> **Exercise goal**: Using the entries that follow, transcribe only the lines from the line with "Страны-лидеры по числу" to the line with "BLACK GEM-STUDDED SLINGBACK", both included, exactly as they stand and without pictures.

> **Input data**:
== Segment start ==
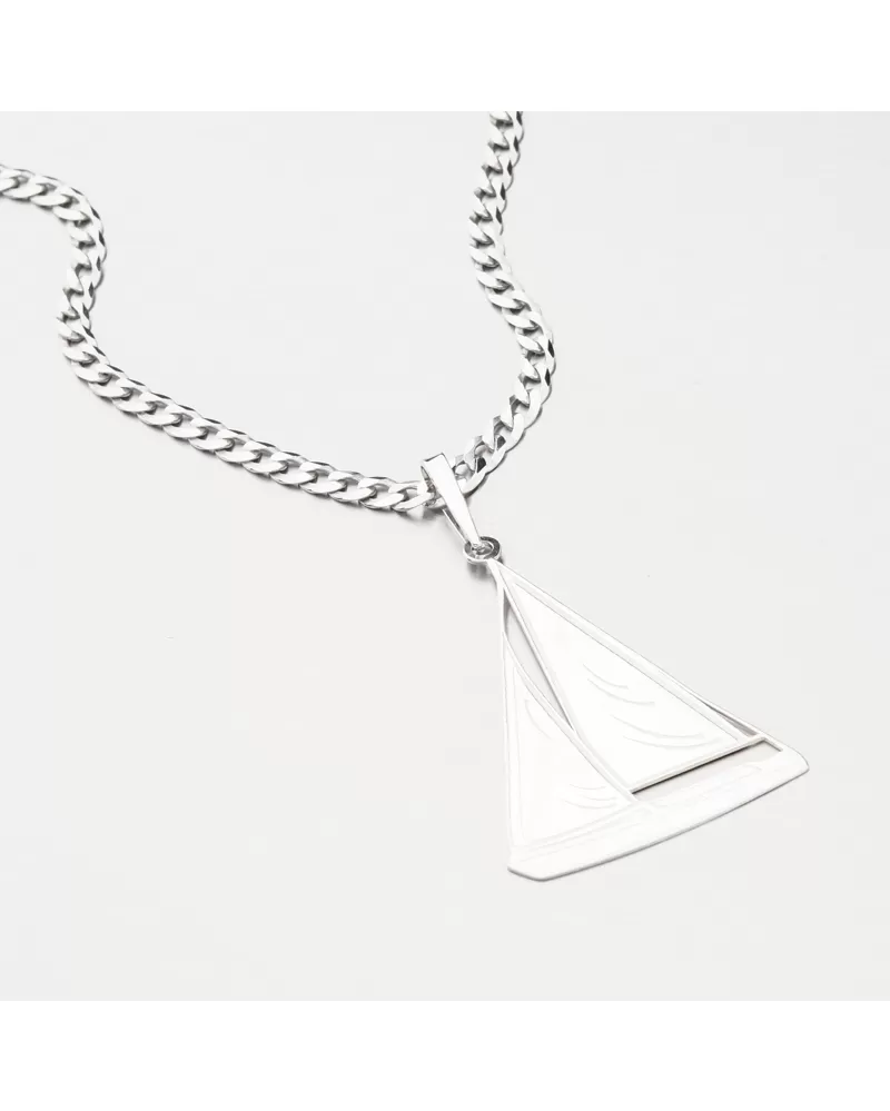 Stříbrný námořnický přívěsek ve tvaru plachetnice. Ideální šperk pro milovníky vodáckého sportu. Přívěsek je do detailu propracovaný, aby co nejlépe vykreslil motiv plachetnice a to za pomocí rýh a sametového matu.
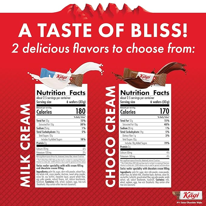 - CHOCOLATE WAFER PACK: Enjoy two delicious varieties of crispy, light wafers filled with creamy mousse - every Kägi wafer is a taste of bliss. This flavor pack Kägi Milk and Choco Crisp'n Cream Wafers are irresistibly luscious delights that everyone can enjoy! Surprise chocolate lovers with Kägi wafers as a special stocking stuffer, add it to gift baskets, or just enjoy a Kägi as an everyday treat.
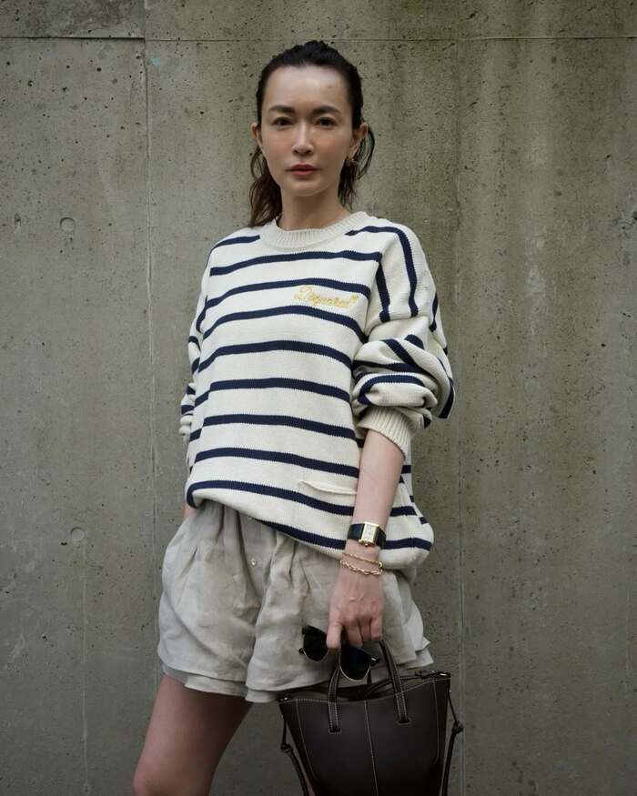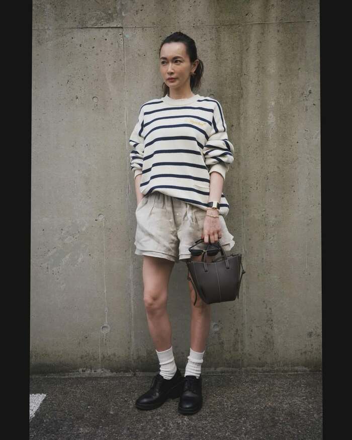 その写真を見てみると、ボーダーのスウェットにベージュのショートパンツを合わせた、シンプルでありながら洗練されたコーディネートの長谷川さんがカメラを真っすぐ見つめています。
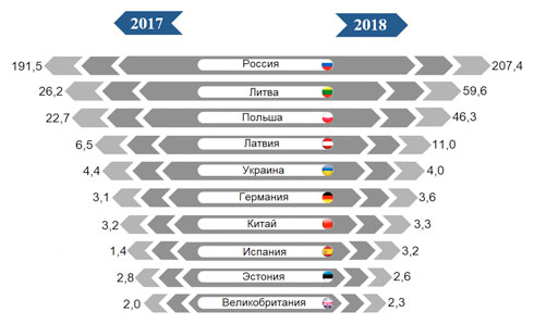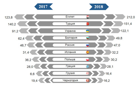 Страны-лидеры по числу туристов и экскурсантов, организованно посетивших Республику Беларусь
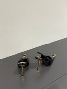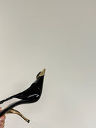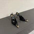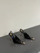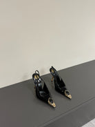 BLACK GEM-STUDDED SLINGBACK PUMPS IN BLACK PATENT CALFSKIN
== Segment end ==
== Segment start ==
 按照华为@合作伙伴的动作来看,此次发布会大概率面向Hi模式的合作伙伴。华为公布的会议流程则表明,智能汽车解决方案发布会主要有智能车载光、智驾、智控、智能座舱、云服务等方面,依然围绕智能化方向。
== Segment end ==
> **Result of the exercise**:
 Страны-лидеры по числу туристов и экскурсантов, организованно посетивших Республику Беларусь
 BLACK GEM-STUDDED SLINGBACK PUMPS IN BLACK PATENT CALFSKIN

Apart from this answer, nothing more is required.